A seismic shift in construction could be on the horizon for contractors throughout New York if state lawmakers pass the so-called “all-electric building” acts.
And that has the attention of local plumbing and heating professionals, who could be forced to work without gas as early as 2024. More than a hundred of them crowded into the conference room of the Holiday Inn in Plainview last week to share their concerns with the Plumbing, Heating, and Cooling Contractors of Long Island.
John Cornetta, a former president for the Long Island organization, encouraged the contractors — as well as National Grid representatives, legislative lobbyists and politicians — to instead support S.7467 in the state senate, which he says would prevent local and municipal governments from banning natural gas.
That bill was introduced by Manhattan state senator Brian Kavanagh and Brooklyn Assemblywoman Emily Gallagher introduced the “all-electric” bill with the hopes of decreasing greenhouse gas emissions and air pollution on new construction projects. The bills are intended to ensure no city, town or village could issue new building construction permits powered only by electricity beginning in 2024, outside of rare exceptions. Those exceptions, according to the bill, can’t be based on financial considerations.
Kavanagh’s bill has been in committee since last May, and has been amended twice since then.
Lawmakers passed the Climate Leadership and Community Protection Act in 2019, setting a goal to limit statewide greenhouse emissions to 40 percent of 1990 levels by 2030, and 85 percent by 2050. It was authored by state Sen. Todd Kaminsky, who represents Oceanside and Rockville Centre, among other communities.

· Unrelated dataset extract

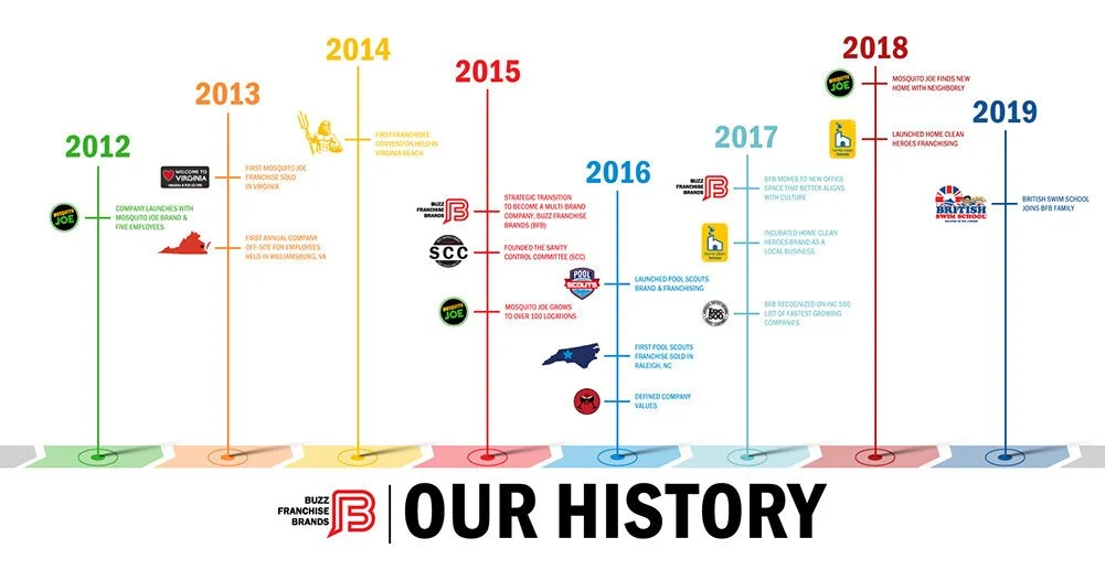 When Buzz Franchise Brands first started in 2012, our team developed the founding brand, Mosquito Joe, into a 280-location franchise across 34 states plus the District of Columbia. Three short years later, a second brand was added to the family with Pool Scouts, and then a third, Home Clean Heroes, in 2017. While Mosquito Joe found a new home in 2018, we continued to own and operate our pool cleaning and home cleaning companies until 2019, when we welcomed our newest brand to the family, British Swim School. See the full timeline of our story here.

Democratic gubernatorial hopeful and current congressman Tom Suozzi appeared to signal his opposition to the “all-electric” bills.
“If we do this stuff the way we’re doing it in New York state just trying to do it all on our own, utility rates are going to skyrocket,” he said. “We’re going to put a bunch of labor people out of work, and we’re going to screw up the competitiveness of New York.”

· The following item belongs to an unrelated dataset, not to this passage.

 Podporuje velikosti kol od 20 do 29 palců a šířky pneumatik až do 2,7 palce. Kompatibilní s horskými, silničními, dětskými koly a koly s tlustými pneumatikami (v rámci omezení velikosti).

But building emissions “account for a staggering 32 percent” of the state’s greenhouse gas emissions, Kaminsky told the Herald in a statement, “so we must work hard to cut that number.

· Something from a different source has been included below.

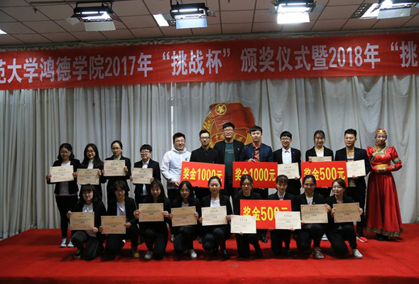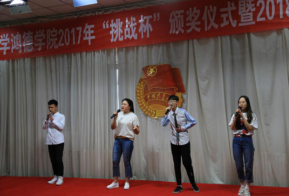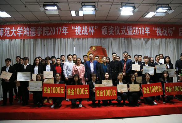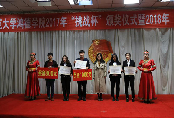 “挑戰杯”是“挑戰杯”全國大學生系列科技學術競賽的簡稱,由共青團中央、中國科協、教育部、全國學聯主辦的大學生課外學術科技活動中一項具有導向性、示范性和群眾性的競賽活動。內蒙古師范大學鴻德學院積極倡導全院學生努力奮進,全面提高自身綜合素質,提升大學生創新精神與實踐能力,促使青少年深入理解科學、技術與社會的相互關系,激發其對科學的興趣,培養他們對社會的責任感。希望鴻德學子,一路挑戰,一路超越,做一路挑戰人,展鴻德人風采。

“I am committed to seeing our state meet its aggressive climate goals. However, we must collaborate with industry representatives on a reasonable timeframe to ensure we achieve those goals.”
National Grid representatives pointed to flaws they see in the Kavanagh bill, but also shared some alternatives to the bill. Don Chahbazpour, the company’s regulatory strategy director, shared a study National Grid released last year that revealed it could take the utility more than 25 years to convert natural gas heating to electricity.
National Grid’s own plan to achieve net-zero carbon emissions and cleaner heating by blending hydrogen produced by solar and wind farms with their gas networks to create biogas. The company has proposed a geothermal energy project in Massachusetts to test the potential for low-carbon heating and cooling.
Chuck White, PHCC’s regulatory affairs national vice president, sees the all-electric legislation as simply impractical. Renewable energies like hydroelectric, wind and solar would have to have to expand quickly if it wants to come close to replacing the what’s generated by fossil fuels.
“My father used to say, ‘If you want to save energy, turn it off,’” White said. “That’s the best way to save energy, and they’re going to do it. If the grid gets in trouble, they’re going to have to shut stuff off, or it will collapse.”